伸線加工は細い穴の開いた、伸線ダイスに穴よりも太い線を通すことで加工を行っていますが、それは線が通っている状態だからできることです。
ダイスは摩耗をすれば交換する必要がありますし、線径の違う製品を作る際には、その線径に合わせたダイスに交換する必要があります。
では、交換直後の線が通っていないダイスには線をどのように通すのでしょうか?もともとはダイス径よりも太い線なので、そのままでは線はダイスを通りません。
この記事では、伸線ダイスへ線をどのように通すのかを解説します。
ダイスの線通し
交換したダイスへ線を通す作業のことを「線通し(せんとおし)」などと呼びます。
その名の通り、線をダイスに通す作業なのですが、冒頭で書いた通り伸線する前の線はダイス径よりも太く、そのままの太さでは通すことができないため、線の先端をダイスに通る太さまで細くする必要があります。

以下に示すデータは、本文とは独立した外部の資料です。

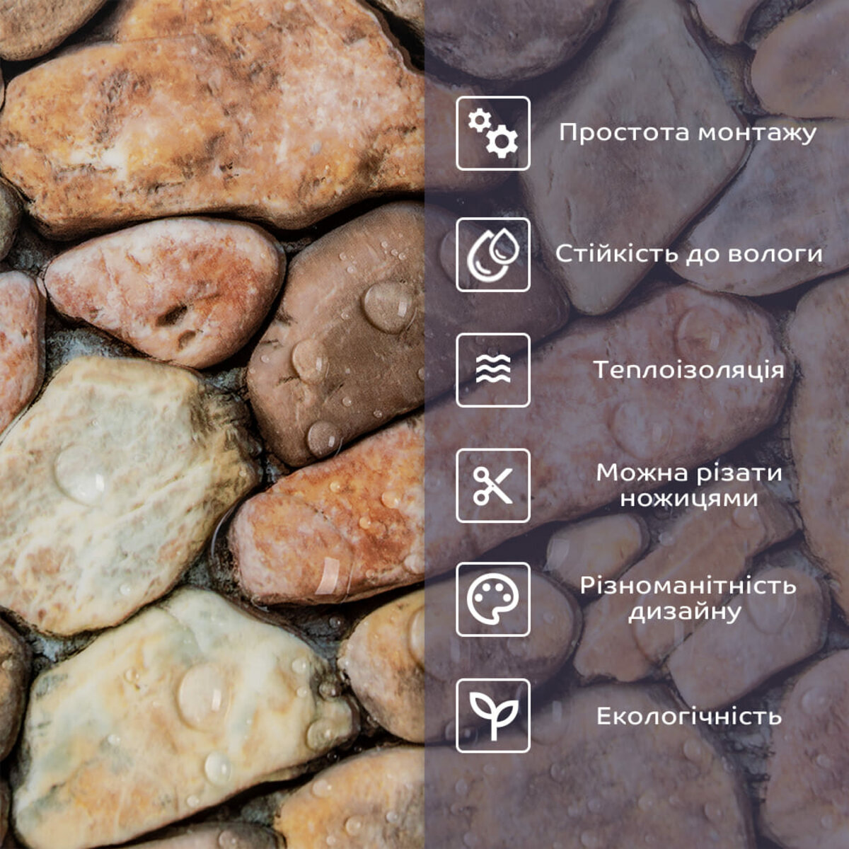 - 1. Легкість та міцність: плитка легка та міцна, що спрощує її логістику, установку та забезпечує довгий термін служби. Матеріал легкий в установці, можна різати ножицями чи монтажним ножем, не потребує додаткових матеріалів чи спеціалістів. Між смугами не розходиться, не роздмухується і не деформується. Відсоток обрізу становить 1%, що є найкращим показником для настінних покриттів;

その作業は「先付け(さきつけ)」などと呼ばれており、目的のダイスに線が通るように、線の先端を細く加工する作業を行います。
先付の方法3つ
先付けの方法は複数ありますが、ここでは専用の機械を使う方法から道具を使わない方法まで、3つを紹介します。
先付機を使用して線を通す
「先付機(さきつけき)」と呼ばれる、道具(機械)を使用して先付けを行い線を通す方法です。
先付機の構造
先付機には製麺機のように、溝が彫られたローラーが上下に2本平行に並んでおり、ローラーに彫られた溝は太いものから細いものまで各種あります。
溝の深さはローラー1周のうちに、徐々に浅くなっていくように作られており、その浅くなったところで圧延されて細くなります。
上下のローラーはそれぞれ手前側(先付機を右から見ると上は右回り、下は左周り)に回るようになっています。
先付機の使い方
機械のスイッチを入れローラーが回り出したら、まずは細くしたい線に最も近い太さのローラーの溝に入れ、圧延し線を細くします。
線の角度を変えながら満遍なく細く圧延できたら、一度機械から抜いて通したいダイスに入れて、線が通るか確かめます。
線が通ればそこで先付け作業終了ですが、まだ線が太くて通らない場合には、先ほどよりも少し細い溝に入れて同じように圧延します。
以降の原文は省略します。